#### Problem description
All of the lines below are to be transcribed faithfully, with pictures excluded from the copy.

#### Supplied information
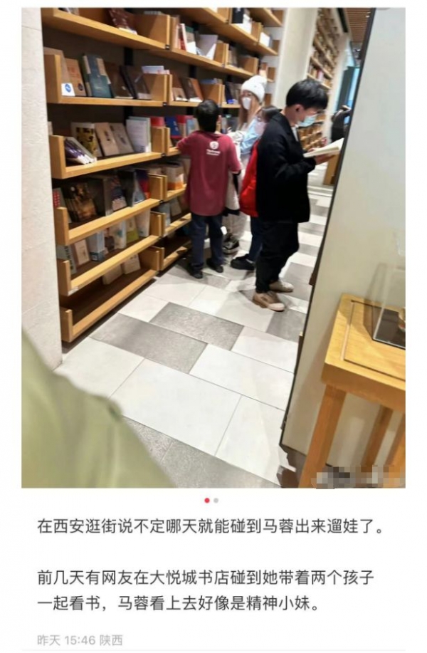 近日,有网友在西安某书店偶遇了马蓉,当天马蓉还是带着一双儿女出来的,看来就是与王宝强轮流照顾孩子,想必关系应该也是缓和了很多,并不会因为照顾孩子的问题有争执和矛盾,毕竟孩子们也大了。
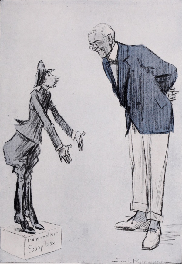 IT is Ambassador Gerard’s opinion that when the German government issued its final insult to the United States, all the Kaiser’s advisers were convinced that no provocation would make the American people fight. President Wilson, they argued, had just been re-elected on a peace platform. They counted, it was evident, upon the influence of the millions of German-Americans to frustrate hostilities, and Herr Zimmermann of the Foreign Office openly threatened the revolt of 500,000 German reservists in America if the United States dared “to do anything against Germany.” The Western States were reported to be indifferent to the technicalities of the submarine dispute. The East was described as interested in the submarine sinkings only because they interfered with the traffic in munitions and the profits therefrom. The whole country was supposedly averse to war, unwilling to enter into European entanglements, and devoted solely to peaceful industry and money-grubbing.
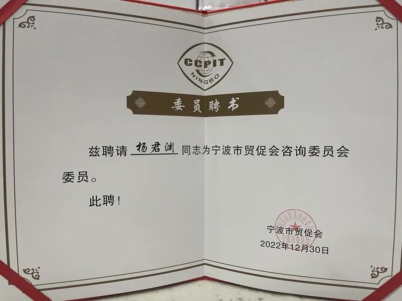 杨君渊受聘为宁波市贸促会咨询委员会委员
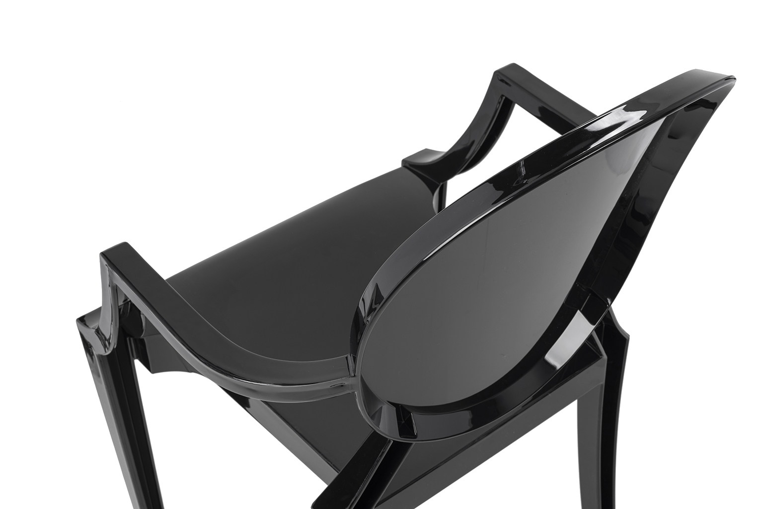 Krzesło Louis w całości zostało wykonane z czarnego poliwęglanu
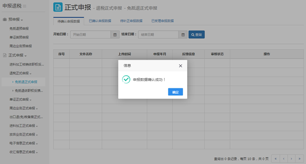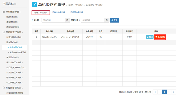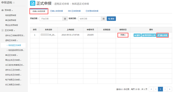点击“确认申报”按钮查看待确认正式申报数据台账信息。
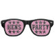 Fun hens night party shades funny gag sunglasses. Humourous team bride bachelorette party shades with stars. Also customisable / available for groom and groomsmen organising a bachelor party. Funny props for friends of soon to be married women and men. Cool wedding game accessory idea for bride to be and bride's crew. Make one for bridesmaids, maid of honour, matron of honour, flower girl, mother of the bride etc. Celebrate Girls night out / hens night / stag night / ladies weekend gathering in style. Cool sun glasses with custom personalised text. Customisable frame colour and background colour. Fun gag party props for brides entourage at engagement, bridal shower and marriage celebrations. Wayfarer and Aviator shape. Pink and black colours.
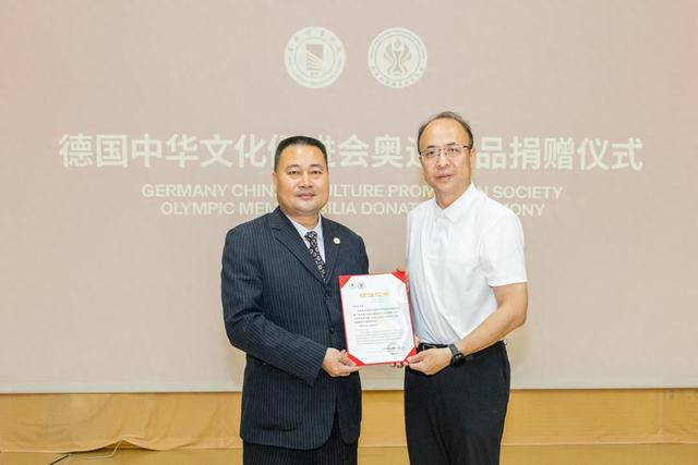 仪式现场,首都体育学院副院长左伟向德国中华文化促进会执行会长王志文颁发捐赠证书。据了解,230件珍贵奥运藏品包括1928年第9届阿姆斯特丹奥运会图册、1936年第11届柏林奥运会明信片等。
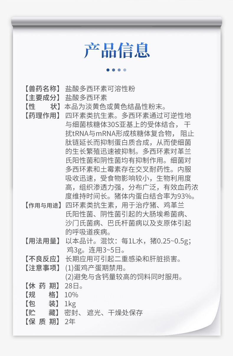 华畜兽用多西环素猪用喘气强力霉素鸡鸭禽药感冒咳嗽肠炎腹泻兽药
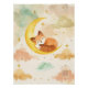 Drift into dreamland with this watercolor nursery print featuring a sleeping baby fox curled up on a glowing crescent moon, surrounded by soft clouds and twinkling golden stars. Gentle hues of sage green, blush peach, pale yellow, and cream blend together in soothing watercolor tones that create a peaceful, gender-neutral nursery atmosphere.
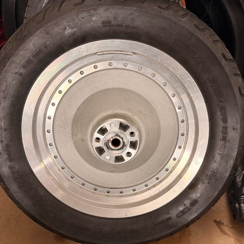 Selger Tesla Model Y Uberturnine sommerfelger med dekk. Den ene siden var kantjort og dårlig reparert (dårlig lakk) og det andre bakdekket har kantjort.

#### Reply to the exercise
 近日,有网友在西安某书店偶遇了马蓉,当天马蓉还是带着一双儿女出来的,看来就是与王宝强轮流照顾孩子,想必关系应该也是缓和了很多,并不会因为照顾孩子的问题有争执和矛盾,毕竟孩子们也大了。
 IT is Ambassador Gerard’s opinion that when the German government issued its final insult to the United States, all the Kaiser’s advisers were convinced that no provocation would make the American people fight. President Wilson, they argued, had just been re-elected on a peace platform. They counted, it was evident, upon the influence of the millions of German-Americans to frustrate hostilities, and Herr Zimmermann of the Foreign Office openly threatened the revolt of 500,000 German reservists in America if the United States dared “to do anything against Germany.” The Western States were reported to be indifferent to the technicalities of the submarine dispute. The East was described as interested in the submarine sinkings only because they interfered with the traffic in munitions and the profits therefrom. The whole country was supposedly averse to war, unwilling to enter into European entanglements, and devoted solely to peaceful industry and money-grubbing.
 杨君渊受聘为宁波市贸促会咨询委员会委员
 Krzesło Louis w całości zostało wykonane z czarnego poliwęglanu
点击“确认申报”按钮查看待确认正式申报数据台账信息。
 Fun hens night party shades funny gag sunglasses. Humourous team bride bachelorette party shades with stars. Also customisable / available for groom and groomsmen organising a bachelor party. Funny props for friends of soon to be married women and men. Cool wedding game accessory idea for bride to be and bride's crew. Make one for bridesmaids, maid of honour, matron of honour, flower girl, mother of the bride etc. Celebrate Girls night out / hens night / stag night / ladies weekend gathering in style. Cool sun glasses with custom personalised text. Customisable frame colour and background colour. Fun gag party props for brides entourage at engagement, bridal shower and marriage celebrations. Wayfarer and Aviator shape. Pink and black colours.
 仪式现场,首都体育学院副院长左伟向德国中华文化促进会执行会长王志文颁发捐赠证书。据了解,230件珍贵奥运藏品包括1928年第9届阿姆斯特丹奥运会图册、1936年第11届柏林奥运会明信片等。
 华畜兽用多西环素猪用喘气强力霉素鸡鸭禽药感冒咳嗽肠炎腹泻兽药
 Drift into dreamland with this watercolor nursery print featuring a sleeping baby fox curled up on a glowing crescent moon, surrounded by soft clouds and twinkling golden stars. Gentle hues of sage green, blush peach, pale yellow, and cream blend together in soothing watercolor tones that create a peaceful, gender-neutral nursery atmosphere.
 Selger Tesla Model Y Uberturnine sommerfelger med dekk. Den ene siden var kantjort og dårlig reparert (dårlig lakk) og det andre bakdekket har kantjort.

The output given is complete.